Глава 5. ЧТО ПРОИЗОШЛО ВО ДВОРЦЕ ПАШИ СУЛЕЙМАНА

   — Что ты за нее хочешь? — спросил Сулейман, восседавший на сложенных на ковре подушках.
   Он носил каффию и агал с шитьем рода аретаев.
   Перед нами на полированном малиновом полу в расслабленной позе стояла девушка с прекрасным телом. Она смотрела в сторону, так что казалось, будто ей скучно. По правде говоря, с ее стороны это выглядело дерзостью.
   Обнаженные бедра едва прикрывала накидка из желтого торианского шелка. Ноги оставались босыми, зато на лодыжках, особенно на левой, висело множество колокольчиков. Желтая накидка еще больше подчеркивала соблазнительные изгибы ее тела. На шее был защелкнут золотой ошейник, ниже висело несколько цепей и ожерелий. Кисти рук украшали браслеты, а на самих руках красовались великолепные ' пластины. На левой руке их насчитывалось гораздо больше. Рабыня встряхнула роскошной белокурой гривой.
   — Приготовься доставить удовольствие свободному мужчине, — сказал я.
   Она была голубоглаза и светлокожа. Рабыня согнула колени, перенесла вес тела на пятки, высоко вскинула руки и соединила кисти.
   Я подал знак музыкантам. Раздался чистый звон цимбал, и Алейна начала свой танец.
   — Вам нравится рабыня? — спросил я Сулеймана.
   Он следил за ней, прикрыв узкие глаза тяжелыми веками.

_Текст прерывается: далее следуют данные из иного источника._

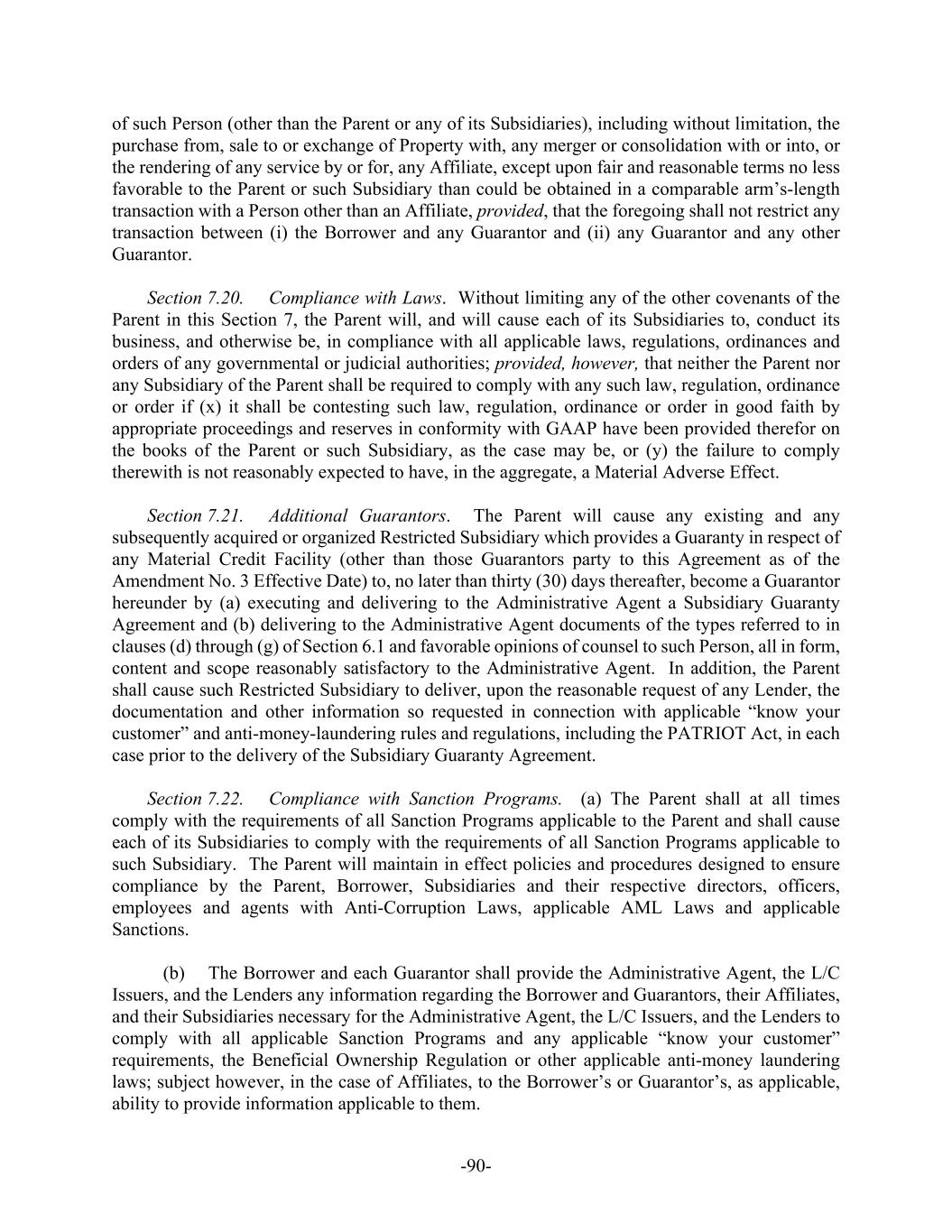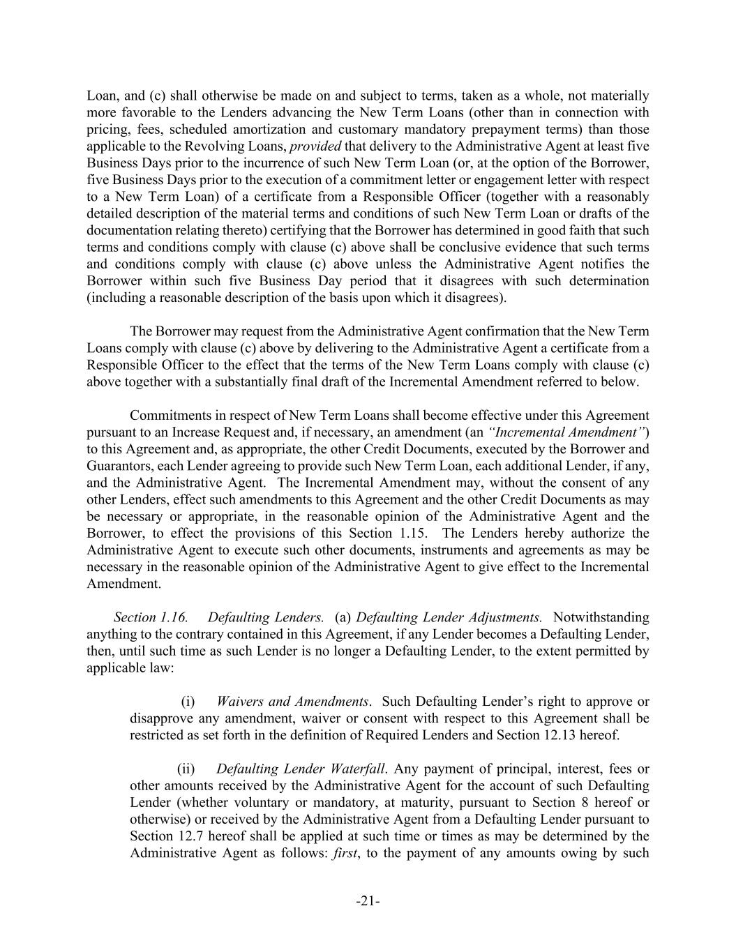 -21- Loan, and (c) shall otherwise be made on and subject to terms, taken as a whole, not materially more favorable to the Lenders advancing the New Term Loans (other than in connection with pricing, fees, scheduled amortization and customary mandatory prepayment terms) than those applicable to the Revolving Loans, provided that delivery to the Administrative Agent at least five Business Days prior to the incurrence of such New Term Loan (or, at the option of the Borrower, five Business Days prior to the execution of a commitment letter or engagement letter with respect to a New Term Loan) of a certificate from a Responsible Officer (together with a reasonably detailed description of the material terms and conditions of such New Term Loan or drafts of the documentation relating thereto) certifying that the Borrower has determined in good faith that such terms and conditions comply with clause (c) above shall be conclusive evidence that such terms and conditions comply with clause (c) above unless the Administrative Agent notifies the Borrower within such five Business Day period that it disagrees with such determination (including a reasonable description of the basis upon which it disagrees). The Borrower may request from the Administrative Agent confirmation that the New Term Loans comply with clause (c) above by delivering to the Administrative Agent a certificate from a Responsible Officer to the effect that the terms of the New Term Loans comply with clause (c) above together with a substantially final draft of the Incremental Amendment referred to below. Commitments in respect of New Term Loans shall become effective under this Agreement pursuant to an Increase Request and, if necessary, an amendment (an “Incremental Amendment”) to this Agreement and, as appropriate, the other Credit Documents, executed by the Borrower and Guarantors, each Lender agreeing to provide such New Term Loan, each additional Lender, if any, and the Administrative Agent. The Incremental Amendment may, without the consent of any other Lenders, effect such amendments to this Agreement and the other Credit Documents as may be necessary or appropriate, in the reasonable opinion of the Administrative Agent and the Borrower, to effect the provisions of this Section 1.15. The Lenders hereby authorize the Administrative Agent to execute such other documents, instruments and agreements as may be necessary in the reasonable opinion of the Administrative Agent to give effect to the Incremental Amendment. Section 1.16. Defaulting Lenders. (a) Defaulting Lender Adjustments. Notwithstanding anything to the contrary contained in this Agreement, if any Lender becomes a Defaulting Lender, then, until such time as such Lender is no longer a Defaulting Lender, to the extent permitted by applicable law: (i) Waivers and Amendments. Such Defaulting Lender’s right to approve or disapprove any amendment, waiver or consent with respect to this Agreement shall be restricted as set forth in the definition of Required Lenders and Section 12.13 hereof. (ii) Defaulting Lender Waterfall. Any payment of principal, interest, fees or other amounts received by the Administrative Agent for the account of such Defaulting Lender (whether voluntary or mandatory, at maturity, pursuant to Section 8 hereof or otherwise) or received by the Administrative Agent from a Defaulting Lender pursuant to Section 12.7 hereof shall be applied at such time or times as may be determined by the Administrative Agent as follows: first, to the payment of any amounts owing by such

   Лицо его не выражало никаких эмоций.
   — Любопытна, — заметил он равнодушно.
   Я снял с пояса кошелек, в котором хранил жемчуга. Разрезав нить, я выложил перед Сулейманом на низкий столик две драгоценные жемчужины. Он поочередно оглядел их, беря со стола большим и указательным пальцами. Несколько раз Сулейман смотрел сквозь них на свет. Я уже выяснил примерную рыночную стоимость этих камней и знал, сколько смогу получить за них финиковых кирпичей.
   Справа от Сулеймана сидел в скучающей позе еще один человек. Он тоже носил каффию с агалом и кафтан из шелка. Это был торговец солью из Касры.
   — Жаль, — произнес Ибн-Саран, — что не удалась наша общая поездка в Касру, а оттуда в Тор.
   — Меня срочно вызвали по важному делу, — сказал я.
   — Для меня это была большая потеря. — Ибн-Саран поднес к губам дымящийся кубок с черным вином.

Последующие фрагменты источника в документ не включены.